## Task statement
Your task is to return all of the entries below exactly, leaving out each picture.

## Data extracts
[Start of Attachment]

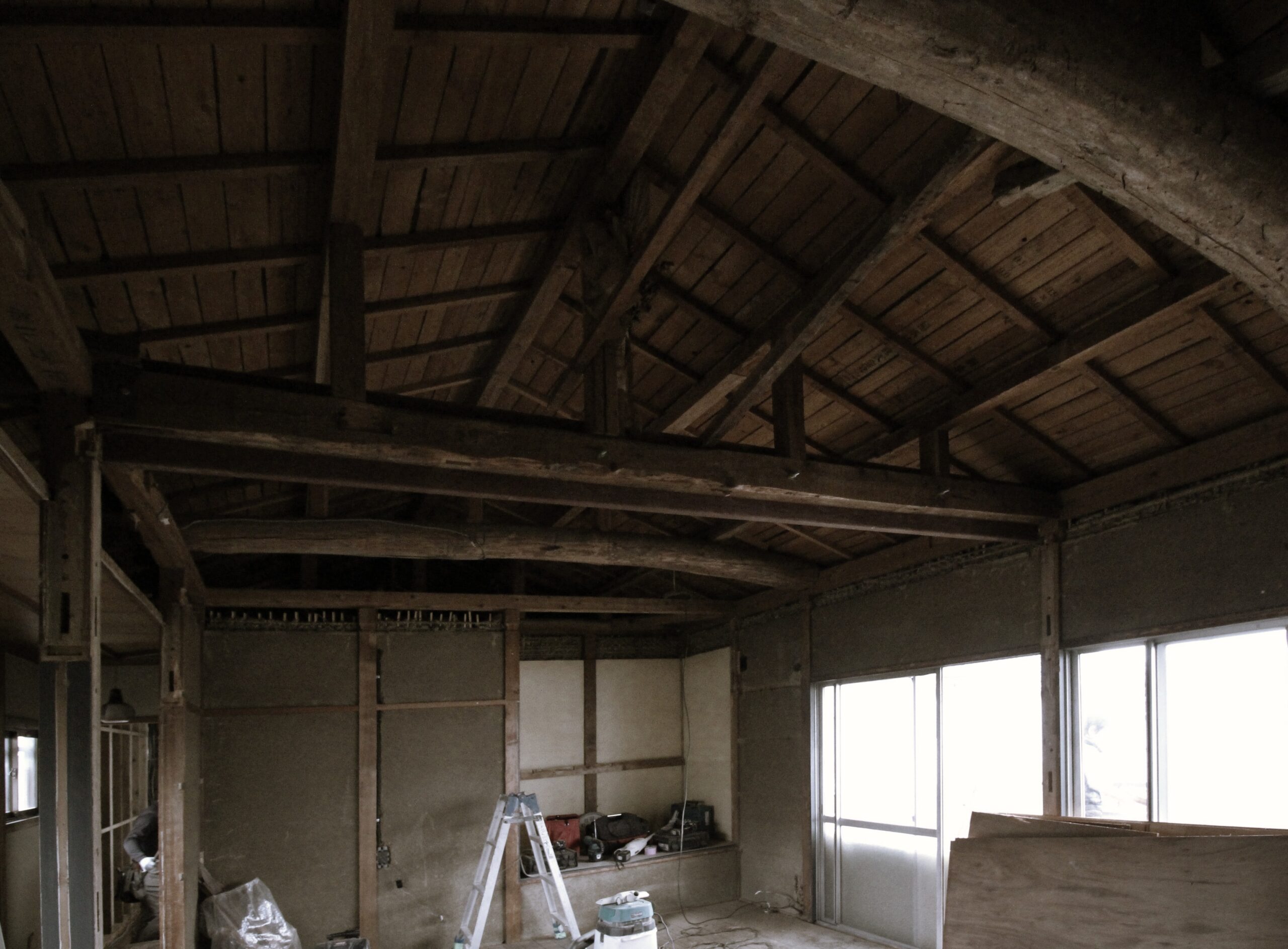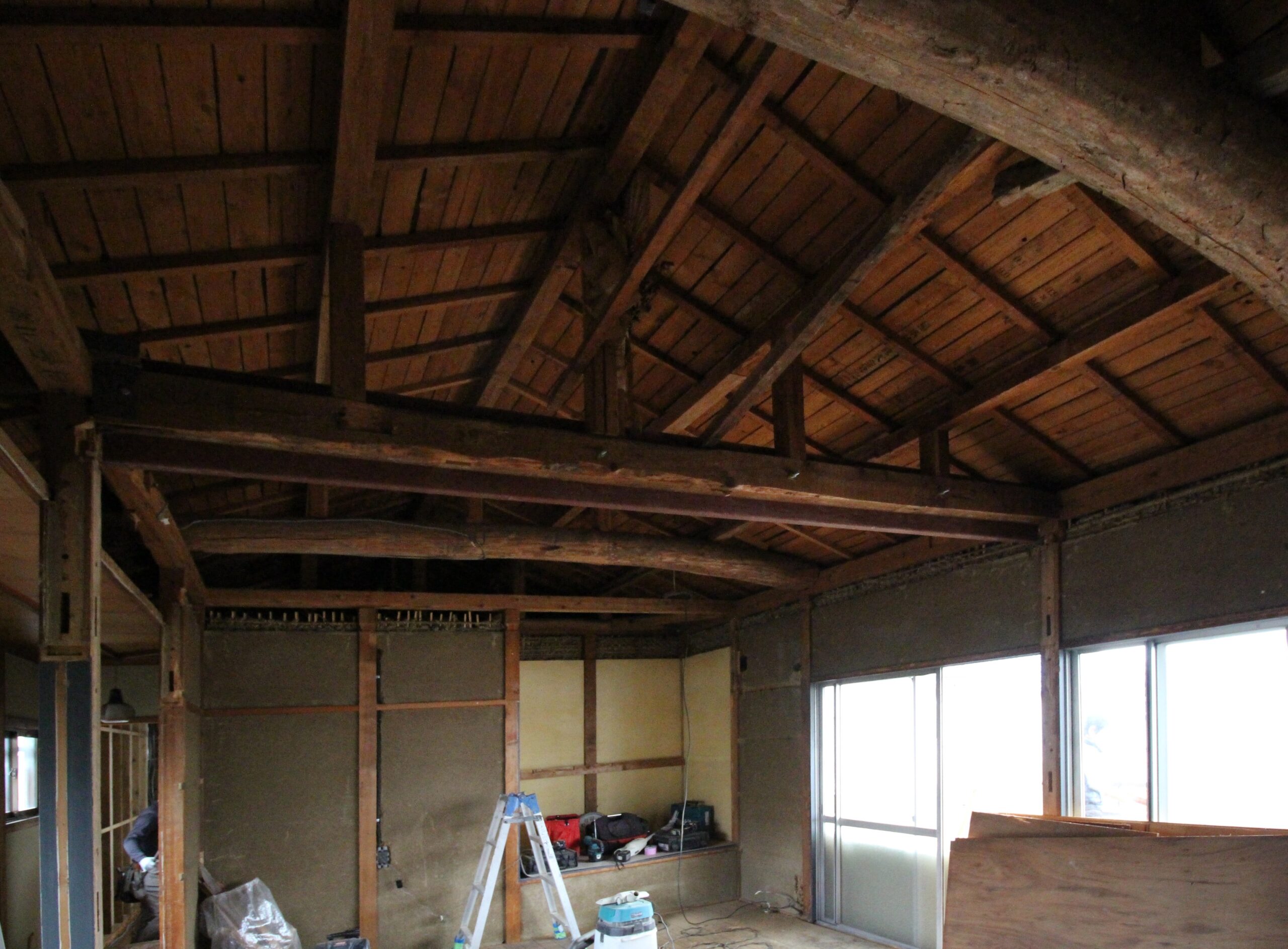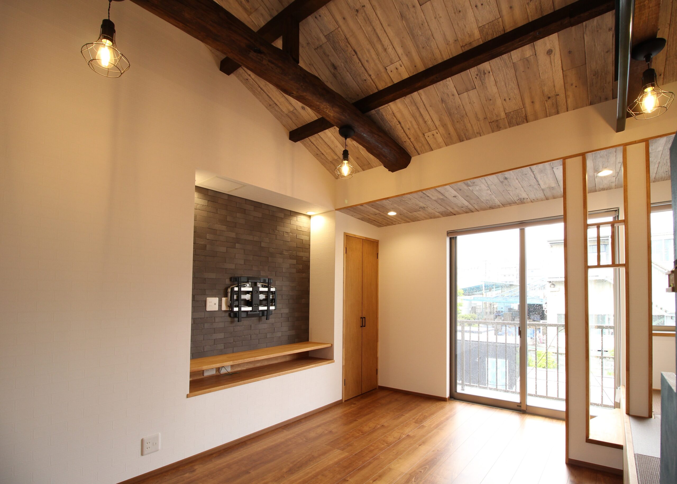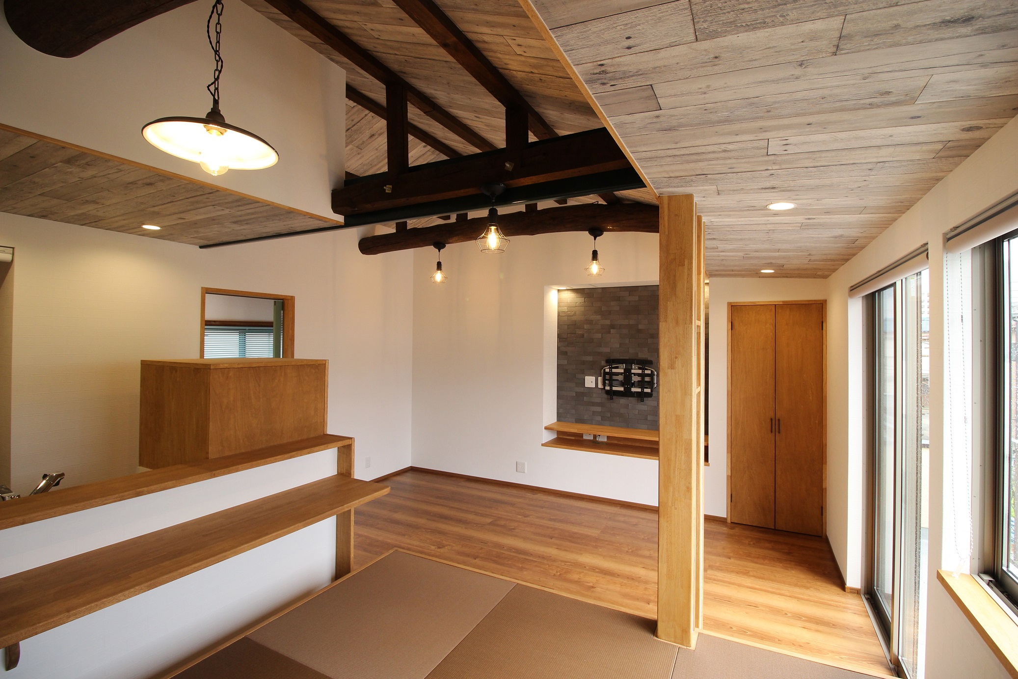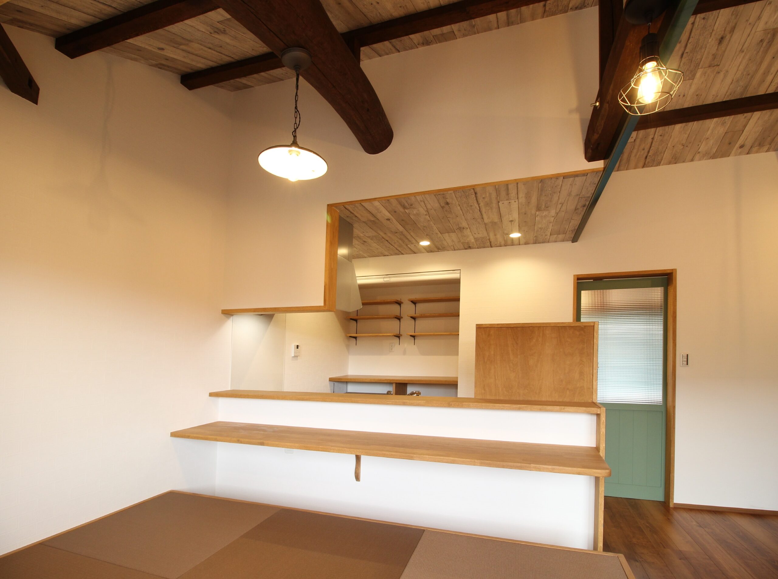 解体した際に立派な梁がでてきたので、その梁を活かし天井を高くしたので、小上がりスペースに上がっても圧迫感もなくとても快適な空間となりました。
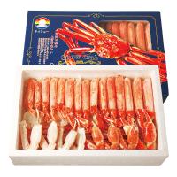 カナダまたはロシア産原料の大きなサイズのずわいがにを国内で加工。脚は殻をむいてハーフポーション加工、爪、爪下、肩は食べやすく半分にカットしました。
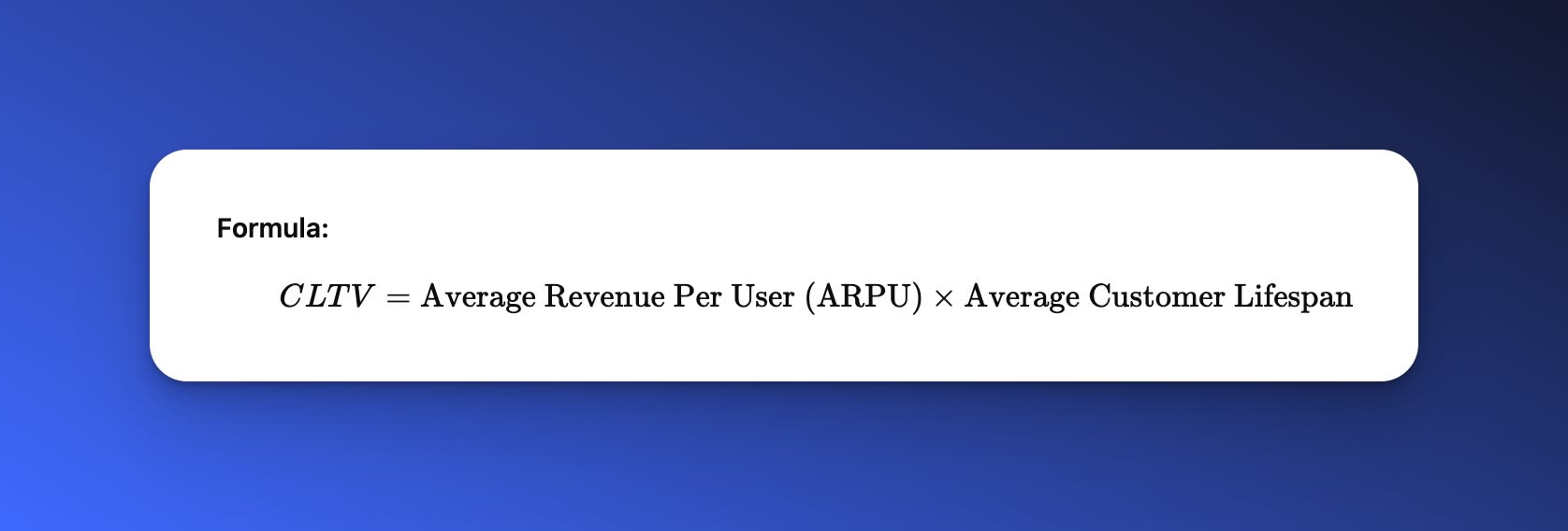 For instance, if your average user pays $50 per month and stays for 24 months, your CLTV is $1,200.
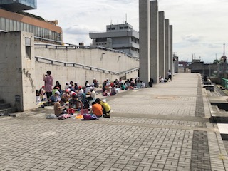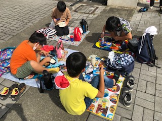 海も近い、トイレも近いところでお弁当を食べます。
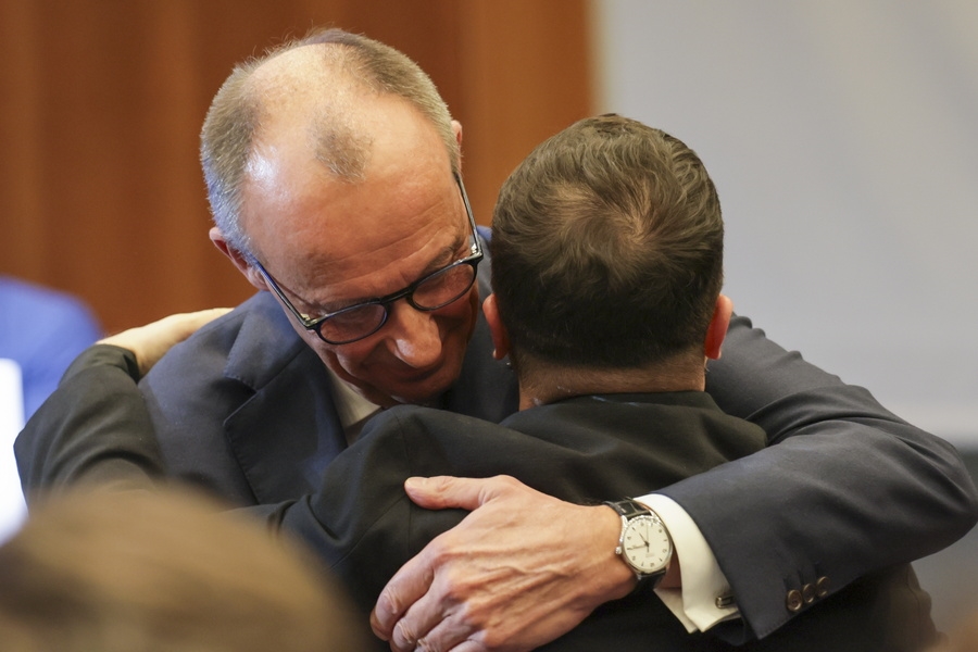 Μετά την ομιλία του, την οποία παρακολούθησε και ο Βολοντίμιρ Ζελένσκι, οι δύο ηγέτες αγκαλιάστηκαν, με τον κ. Μερτς να είναι εμφανώς συγκινημένος.

[End of Attachment]

## Answer for the task
 解体した際に立派な梁がでてきたので、その梁を活かし天井を高くしたので、小上がりスペースに上がっても圧迫感もなくとても快適な空間となりました。
 カナダまたはロシア産原料の大きなサイズのずわいがにを国内で加工。脚は殻をむいてハーフポーション加工、爪、爪下、肩は食べやすく半分にカットしました。
 For instance, if your average user pays $50 per month and stays for 24 months, your CLTV is $1,200.
 海も近い、トイレも近いところでお弁当を食べます。
 Μετά την ομιλία του, την οποία παρακολούθησε και ο Βολοντίμιρ Ζελένσκι, οι δύο ηγέτες αγκαλιάστηκαν, με τον κ. Μερτς να είναι εμφανώς συγκινημένος.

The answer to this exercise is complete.